Only one stretch of the data below is needed. Output the lines from the one with "Les indicacions toponímiques" up to and including the one with "El colegio de San Roque ya", exactly as they stand.

### Given entries

——

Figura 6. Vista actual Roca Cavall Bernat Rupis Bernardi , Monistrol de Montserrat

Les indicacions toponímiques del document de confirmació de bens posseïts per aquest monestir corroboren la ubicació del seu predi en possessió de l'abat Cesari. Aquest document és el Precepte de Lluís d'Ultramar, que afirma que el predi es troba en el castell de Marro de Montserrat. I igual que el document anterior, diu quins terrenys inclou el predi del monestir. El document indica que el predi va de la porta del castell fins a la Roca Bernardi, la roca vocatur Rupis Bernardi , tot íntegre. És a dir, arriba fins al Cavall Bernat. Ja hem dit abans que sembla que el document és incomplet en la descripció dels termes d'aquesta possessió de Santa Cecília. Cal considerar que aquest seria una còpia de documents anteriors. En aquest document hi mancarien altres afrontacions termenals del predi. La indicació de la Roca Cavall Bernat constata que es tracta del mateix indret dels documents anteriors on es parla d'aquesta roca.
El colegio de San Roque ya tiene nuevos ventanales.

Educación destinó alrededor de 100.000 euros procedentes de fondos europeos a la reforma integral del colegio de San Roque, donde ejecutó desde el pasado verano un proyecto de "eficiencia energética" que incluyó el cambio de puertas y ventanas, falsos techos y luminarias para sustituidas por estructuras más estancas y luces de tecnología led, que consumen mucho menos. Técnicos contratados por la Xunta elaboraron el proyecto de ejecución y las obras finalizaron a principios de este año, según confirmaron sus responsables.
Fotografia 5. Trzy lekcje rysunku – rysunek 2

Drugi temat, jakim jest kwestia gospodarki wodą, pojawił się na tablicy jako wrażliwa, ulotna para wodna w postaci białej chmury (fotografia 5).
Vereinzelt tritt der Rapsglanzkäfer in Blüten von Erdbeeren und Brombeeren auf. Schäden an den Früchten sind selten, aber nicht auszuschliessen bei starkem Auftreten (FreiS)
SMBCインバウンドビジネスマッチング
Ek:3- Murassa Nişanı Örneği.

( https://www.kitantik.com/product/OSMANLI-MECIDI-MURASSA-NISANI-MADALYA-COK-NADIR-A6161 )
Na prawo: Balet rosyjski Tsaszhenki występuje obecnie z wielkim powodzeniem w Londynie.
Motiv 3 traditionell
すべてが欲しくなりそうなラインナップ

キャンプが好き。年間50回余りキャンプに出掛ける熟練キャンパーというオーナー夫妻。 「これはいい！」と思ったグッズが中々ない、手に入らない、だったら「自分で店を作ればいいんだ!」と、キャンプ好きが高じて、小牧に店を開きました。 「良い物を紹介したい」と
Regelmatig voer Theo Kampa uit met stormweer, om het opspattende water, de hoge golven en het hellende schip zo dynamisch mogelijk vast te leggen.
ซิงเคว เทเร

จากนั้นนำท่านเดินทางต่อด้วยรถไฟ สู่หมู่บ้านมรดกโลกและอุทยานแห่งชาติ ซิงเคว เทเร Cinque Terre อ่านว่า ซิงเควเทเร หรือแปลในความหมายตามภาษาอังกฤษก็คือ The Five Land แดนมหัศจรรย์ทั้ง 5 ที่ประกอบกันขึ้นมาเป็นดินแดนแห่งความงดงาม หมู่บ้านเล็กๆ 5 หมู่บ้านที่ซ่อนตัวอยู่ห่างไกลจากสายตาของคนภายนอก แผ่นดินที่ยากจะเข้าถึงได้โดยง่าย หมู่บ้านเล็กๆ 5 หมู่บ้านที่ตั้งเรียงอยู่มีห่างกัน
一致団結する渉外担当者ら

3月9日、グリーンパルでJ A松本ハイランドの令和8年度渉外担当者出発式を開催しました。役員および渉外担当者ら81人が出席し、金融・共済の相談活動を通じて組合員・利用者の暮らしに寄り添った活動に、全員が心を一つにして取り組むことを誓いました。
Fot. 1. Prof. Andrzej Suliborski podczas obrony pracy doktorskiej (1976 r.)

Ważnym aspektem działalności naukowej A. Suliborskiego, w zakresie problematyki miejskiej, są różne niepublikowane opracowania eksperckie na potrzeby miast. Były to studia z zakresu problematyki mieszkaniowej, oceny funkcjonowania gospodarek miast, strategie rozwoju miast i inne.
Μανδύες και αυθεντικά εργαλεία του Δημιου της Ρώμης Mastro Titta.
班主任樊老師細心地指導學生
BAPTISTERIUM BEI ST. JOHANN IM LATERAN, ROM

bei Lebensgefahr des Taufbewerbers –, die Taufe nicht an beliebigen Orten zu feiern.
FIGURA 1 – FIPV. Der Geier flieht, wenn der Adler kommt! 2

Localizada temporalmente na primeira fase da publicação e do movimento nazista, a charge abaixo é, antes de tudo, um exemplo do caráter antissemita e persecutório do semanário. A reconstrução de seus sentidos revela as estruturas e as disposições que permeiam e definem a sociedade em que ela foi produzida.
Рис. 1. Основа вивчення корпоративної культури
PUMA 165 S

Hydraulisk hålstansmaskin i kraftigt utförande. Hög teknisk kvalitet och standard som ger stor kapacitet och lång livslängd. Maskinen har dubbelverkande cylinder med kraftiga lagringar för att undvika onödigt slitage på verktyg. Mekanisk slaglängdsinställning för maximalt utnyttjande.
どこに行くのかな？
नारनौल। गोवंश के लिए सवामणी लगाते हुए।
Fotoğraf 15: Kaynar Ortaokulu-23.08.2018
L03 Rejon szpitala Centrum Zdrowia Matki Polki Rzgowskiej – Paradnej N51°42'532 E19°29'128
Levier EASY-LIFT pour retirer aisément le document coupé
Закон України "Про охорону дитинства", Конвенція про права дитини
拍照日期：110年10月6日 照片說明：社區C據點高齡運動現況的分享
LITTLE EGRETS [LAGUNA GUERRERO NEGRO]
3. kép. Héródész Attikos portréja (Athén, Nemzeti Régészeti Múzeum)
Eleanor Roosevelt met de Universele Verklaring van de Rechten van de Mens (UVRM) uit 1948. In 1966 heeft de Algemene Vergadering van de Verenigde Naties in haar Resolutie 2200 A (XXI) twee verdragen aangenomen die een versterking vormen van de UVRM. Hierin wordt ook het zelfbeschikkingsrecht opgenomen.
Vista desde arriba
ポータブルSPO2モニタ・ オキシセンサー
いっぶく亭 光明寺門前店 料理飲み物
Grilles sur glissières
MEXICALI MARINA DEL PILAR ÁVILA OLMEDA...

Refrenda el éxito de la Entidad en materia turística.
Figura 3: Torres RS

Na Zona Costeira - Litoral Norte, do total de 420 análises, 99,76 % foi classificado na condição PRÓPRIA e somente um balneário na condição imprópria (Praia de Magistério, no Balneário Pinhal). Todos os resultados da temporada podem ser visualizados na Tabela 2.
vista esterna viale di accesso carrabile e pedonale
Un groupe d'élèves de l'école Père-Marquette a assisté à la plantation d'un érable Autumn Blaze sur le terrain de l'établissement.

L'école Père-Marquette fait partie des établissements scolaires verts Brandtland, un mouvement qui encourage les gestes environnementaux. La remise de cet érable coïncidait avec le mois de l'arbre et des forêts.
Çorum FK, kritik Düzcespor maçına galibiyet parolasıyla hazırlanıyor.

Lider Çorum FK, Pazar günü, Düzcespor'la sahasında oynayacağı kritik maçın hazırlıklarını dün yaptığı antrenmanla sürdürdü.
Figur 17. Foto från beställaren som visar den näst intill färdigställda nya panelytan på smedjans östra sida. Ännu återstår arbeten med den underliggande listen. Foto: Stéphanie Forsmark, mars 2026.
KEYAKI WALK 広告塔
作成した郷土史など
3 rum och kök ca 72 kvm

——

### Written response
Les indicacions toponímiques del document de confirmació de bens posseïts per aquest monestir corroboren la ubicació del seu predi en possessió de l'abat Cesari. Aquest document és el Precepte de Lluís d'Ultramar, que afirma que el predi es troba en el castell de Marro de Montserrat. I igual que el document anterior, diu quins terrenys inclou el predi del monestir. El document indica que el predi va de la porta del castell fins a la Roca Bernardi, la roca vocatur Rupis Bernardi , tot íntegre. És a dir, arriba fins al Cavall Bernat. Ja hem dit abans que sembla que el document és incomplet en la descripció dels termes d'aquesta possessió de Santa Cecília. Cal considerar que aquest seria una còpia de documents anteriors. En aquest document hi mancarien altres afrontacions termenals del predi. La indicació de la Roca Cavall Bernat constata que es tracta del mateix indret dels documents anteriors on es parla d'aquesta roca.
El colegio de San Roque ya tiene nuevos ventanales.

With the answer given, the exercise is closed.